(Problem): Would you output the entries below only from the line containing "Yarim is not" through the line containing "Oh my god, gorgeous!", exactly as they stand and with both ends included?

(Extracted material):
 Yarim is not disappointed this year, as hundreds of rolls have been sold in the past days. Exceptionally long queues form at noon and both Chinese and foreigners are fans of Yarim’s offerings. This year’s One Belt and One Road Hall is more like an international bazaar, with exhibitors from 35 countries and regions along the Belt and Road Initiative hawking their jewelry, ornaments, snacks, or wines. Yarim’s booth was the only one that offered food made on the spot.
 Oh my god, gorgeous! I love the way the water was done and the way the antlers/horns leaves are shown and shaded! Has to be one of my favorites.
--
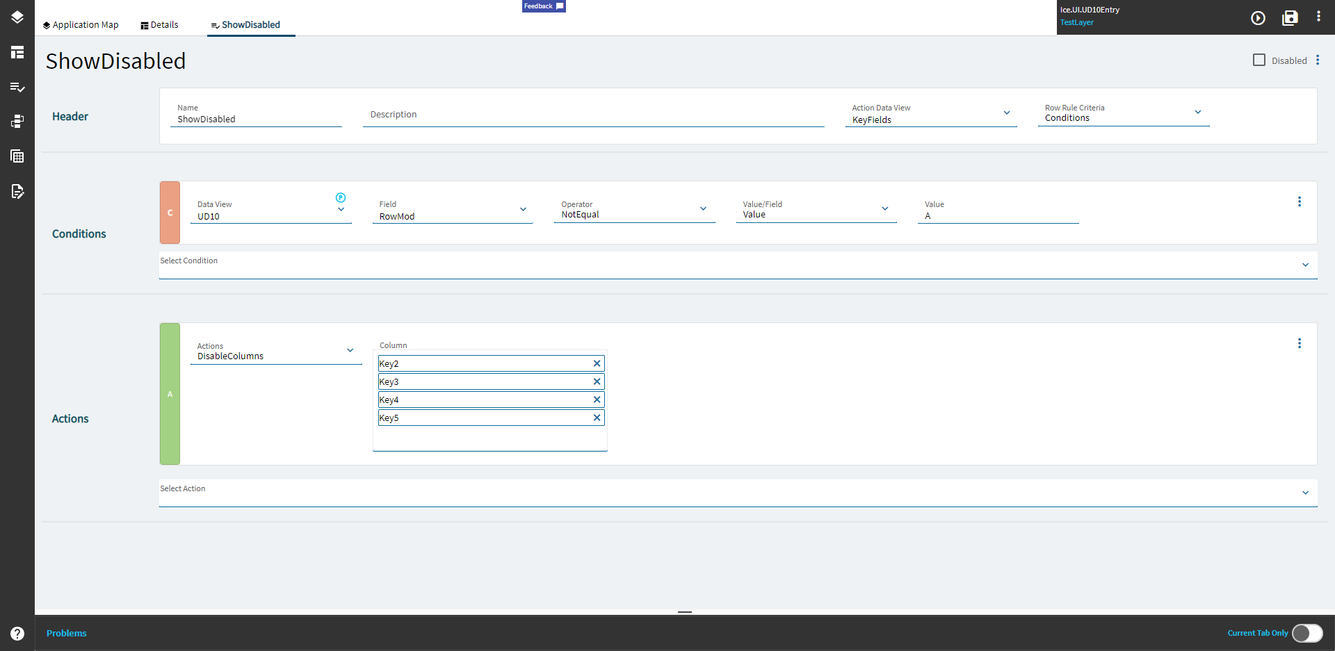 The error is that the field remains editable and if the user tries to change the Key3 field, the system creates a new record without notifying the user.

(Written solution):
 Yarim is not disappointed this year, as hundreds of rolls have been sold in the past days. Exceptionally long queues form at noon and both Chinese and foreigners are fans of Yarim’s offerings. This year’s One Belt and One Road Hall is more like an international bazaar, with exhibitors from 35 countries and regions along the Belt and Road Initiative hawking their jewelry, ornaments, snacks, or wines. Yarim’s booth was the only one that offered food made on the spot.
 Oh my god, gorgeous! I love the way the water was done and the way the antlers/horns leaves are shown and shaded! Has to be one of my favorites.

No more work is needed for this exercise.